Giosué Calaciura est né à Palerme en 1960. Il est journaliste à Rome. Ses premiers récits sont sortis dans des revues :Il Sole 24 Ore, Lo Straniero, Nuovi Argomenti… et anthologies comme Luna nuova, è Sud : Racconti dalla frontière, presentata Giovanna de Angelis (Einaudi, 2000).

Malacarne paru en1998 a été traduit et publié en France en 2007

 

Malacarne , premier roman de Giosué Calaciura se présente comme un long monologue d’un petit mafieux qui décrit devant un juge son parcours au sein de Cosa Nostra. Mais il convient de dépasser cette histoire car il ne s’agit pas seulement de la confession d’un repenti. La langue employée n’a rien du réalisme que l’on pourrait attendre d’un individu issu d’un quartier miséreux et défavorisé. Le livre n’appartient pas à la catégorie des récits journalistiques. Il s’agit davantage d’une biographie pour ainsi dire “archétypale” qui mêle étroitement des éléments dun comique grotesque et traits où pointent la fatalité, le tragique de la vie et de la mort. L’existence est donnée comme un piège qui peut saisir toute personne qui passe à sa portée, ou qui ira s’en saisir par le meurtre, l’assassinat bien préparé, les larcins, les trafics –la drogue en particulier, qui est d’un bon rapport-, la vendetta jusqu’à l’extermination, les guerres de territoire, les enlèvements, le racket aussi. Le coupable n’en finit pas de dérouler naïvement la liste de ses méfaits, happé dans le tourbillon de crimes où son visage change sans cesse. Le voici gamin chapardeur et malfaisant, pauvre diable esclave et bourreau, chef de bande ou exécutant ; à la fin des fins, quelle que soit l’issue, c’est la guillotine qui l’attend! Ce tournoiement instaure le vertige. Calaciura lui donne une expression d’un baroque recherché. Son écriture très personnelle y trouve une élégance stylistique qui accentue la distance entre la vulgarité du sujet décrit et l’attrait de son expression. Les évocations poétiques et les événements horribles se mêlent dans un torrent discursif qui emporte tout sur son passage, dans un magma fait de désespoir et de comique sombre et grotesque, un déchaînement continu qui touche par moments au surréalisme. L’American Psycho di Bret Easton Ellis nous a montré comment produire, à partir d’un délire une publication au succès mondial. Tel n’est pas le cas de Malacarne.

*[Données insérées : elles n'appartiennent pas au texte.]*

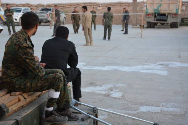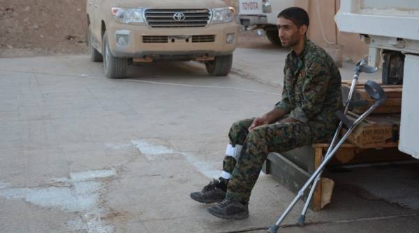 YPG fighter with crutches in the frontlines in Deir ez-Zor

Malacarne n’est pas un psychotique qui donne libre cours à sa folie, mais un jeune homme déboussolé, sous l’emprise de pouvoirs occultes dont il est esclave dans la société où il vit. Un épouvantail et un guignol, condamné à faire le mal et à faire rire de lui. Un rire pourtant qui fait froid dans le dos. Derrière ce coupable innocent l’auteur fait lever l’ombre d’une société livrée à la mafia bien sûr, mais tout comme n’importe quel groupe humain où sont reliés le pouvoir officiel et des puissances occultes.